Friday, February 12, 2010

Red Velvet Cake



This Red Velvet Cake begins a small series of cakes devoted to Valentines Day.

Cakes that look and taste like love.

Cakes that say, "If you eat me, you will fall in love tonight."


At least, you'll fall in love with cake tonight.

I used a recipe from Pinch My Salt, another great food blog out there.

I was pleased with the results: a moist, very red cake. (and I only added 1.5 oz red food coloring, when the recipe called for 2. And ounce of food coloring may not sound like very much, but it's a whole bottle, people!)

The recipe specifies sifting the cake flour before measuring, and then again with the dry ingredients. The way I measure flour now in general is pouring it into the measuring cup from another container and then leveling the top. In general this gives a more accurate measure, though the recipe may indicate the method preferable. I think many people inadvertently end up with too much flour in their batters when they scoop because it can pack too much in the cup measure. This will result in drier cakes.

My favorite method is weighing, though. I wish more recipes listed ingredients by weight. Which reminds me, I need a new battery for my kitchen scale.

Ingredients:
2 1/2 cups sifted cake flour
1 t baking powder
1 t salt
2 T cocoa powder (unsweetened)
2 oz red food coloring
1/2 cup unsalted butter, room temp
1 1/2 cup sugar
2 eggs, room temp
1 t vanilla extract
1 cup buttermilk, room temp
1 t white vinegar
1 t baking soda

Preheat to 350. Butter and flour 2 9-in round cake pans.

Sift together cake flour, baking powder and salt into a medium bowl and set aside. In a small bowl, mix together food coloring and cocoa powder to form a smooth, thin paste. I like this part. It feels like mixing paint.
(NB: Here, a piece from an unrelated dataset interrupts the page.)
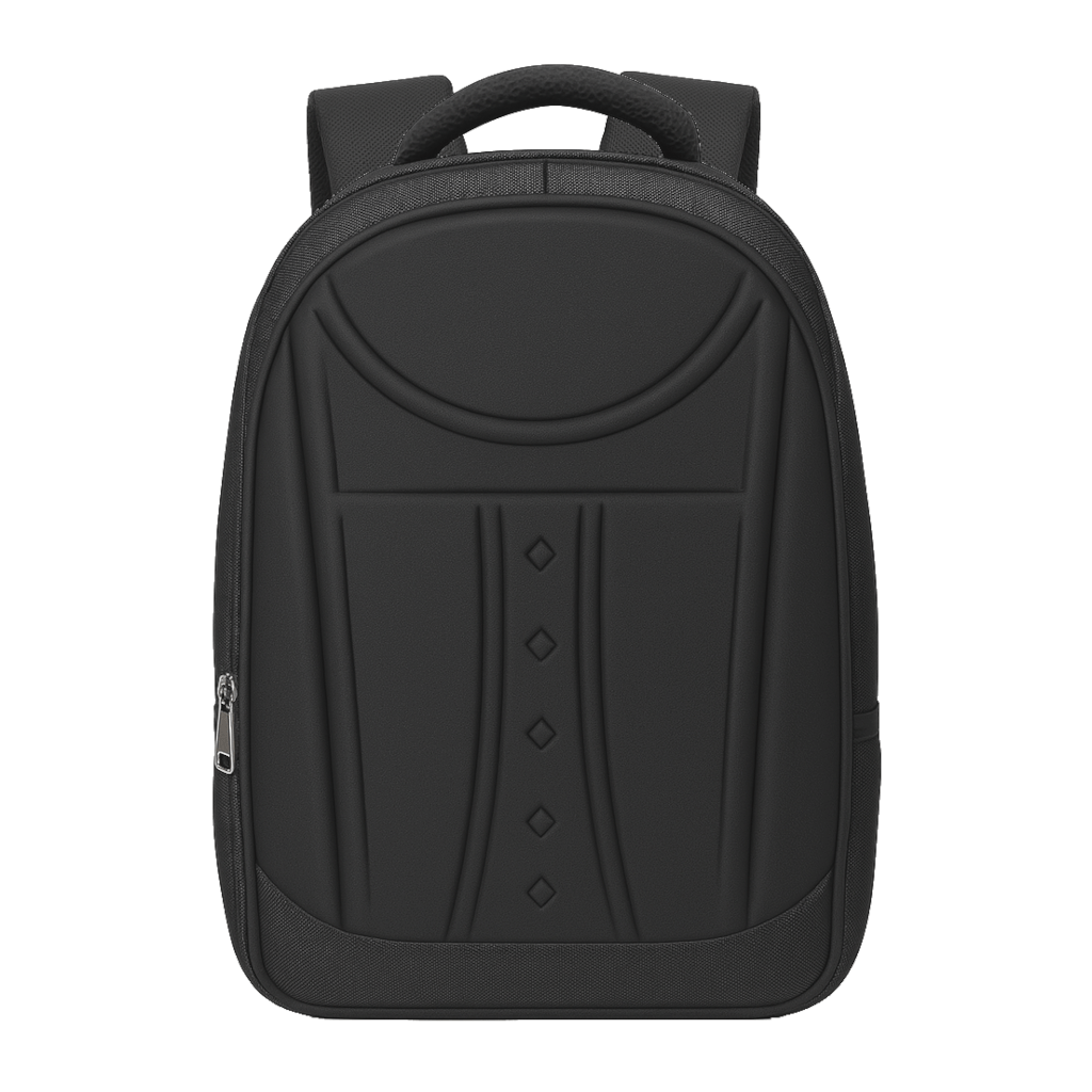 Mochila porta Notebook súper resistente e impermeable. Frente de material termoformado. Presenta dos compartimiento, el primero con un cierre simple con bolsillos porta objetos en su interior, el segundo y principal, con cierre doble que contiene sobre el sector de la espalda el bolsillo porta notebook con sujetador con velcro. Interior forrado y acolchado. Posee dos bolsillos laterales en ripstop. Manija acolchada. Correas acolchadas ajustables. Soporte de espalda anatómico acolchado y reforzado. Correa para el carry on.

In a large bowl, using a mixer, beat butter and sugar together until fluffy, 3-5 minutes. Beat in eggs, one at a time, then vanilla, then the red cocoa paste, scraping the bowl as needed. Add one third of the flour mixture, then 1/2 the buttermilk and so on, alternating the two. Scrape and beat well.
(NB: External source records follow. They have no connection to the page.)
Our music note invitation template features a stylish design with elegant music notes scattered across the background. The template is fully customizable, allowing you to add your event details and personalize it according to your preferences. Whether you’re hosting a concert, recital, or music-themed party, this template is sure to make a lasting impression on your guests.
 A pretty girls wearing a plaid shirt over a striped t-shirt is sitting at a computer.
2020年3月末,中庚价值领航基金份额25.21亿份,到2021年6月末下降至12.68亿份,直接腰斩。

Keep your prepared pans close and combine the baking soda and vinegar in a small bowl. Add it to the cake batter and stir until well combined. Now, you want to get these cakes into the oven as fast as possible now, so divide between your pans quickly. Bake for 25-30 min (mine may have taken closer to 20; our oven runs hot). Check early and remove when a poking implement poked in the center of the cake comes out clean.

Cool the cakes for 15-20 minutes and remove to a wire rack. Let cool completely before frosting with Cream Cheese Frosting!

Cream Cheese Frosting

My general recipe involves 1 pound of cream cheese, 2 sticks of butter, vanilla and almost 2 pounds of confectioners sugar. This time I reigned in the sugar a bit and I liked the result of a thinner, tangier frosting. So beat together your softened cream cheese and butter, beat in 1 or 2 t of vanilla, then gradually add SIFTED confectioner's sugar until you have the taste and consistency you like.
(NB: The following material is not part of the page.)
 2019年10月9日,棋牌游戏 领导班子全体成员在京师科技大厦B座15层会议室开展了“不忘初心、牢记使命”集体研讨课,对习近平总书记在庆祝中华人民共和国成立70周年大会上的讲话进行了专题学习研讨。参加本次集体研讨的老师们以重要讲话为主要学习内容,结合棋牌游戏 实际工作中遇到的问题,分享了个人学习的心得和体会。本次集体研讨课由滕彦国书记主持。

When frosting a red velvet cake, the crumb coat is especially important, especially if you trim the layers to make them even. Those little red crumbs are just dying to show up on the surface, so trap them in a thin coat of frosting and refrigerate for 10 minutes or so before smoothing on your final layer of frosting.

Crumb coat:

Because it's V-day week, I wanted to put a heart of crumbs on top of my cake for decoration. I frosted the top as smooth as possible, then cut a heart out of the middle of a 9-in circle of parchment paper. I froze the cake while I messed with the paper so the icing wouldn't be as sticky.
I placed the heart paper on top of the cake and patted crumbs I got from trimming the layers on to the frosting in the heart-shape.

When I had a nice, thick coat of crumbs, I carefully peeled back the paper and Voila! Heart cake.


1 comment:

  1. red velvet cake is my FAVORITE. cream cheese frosting... mmmmmmm.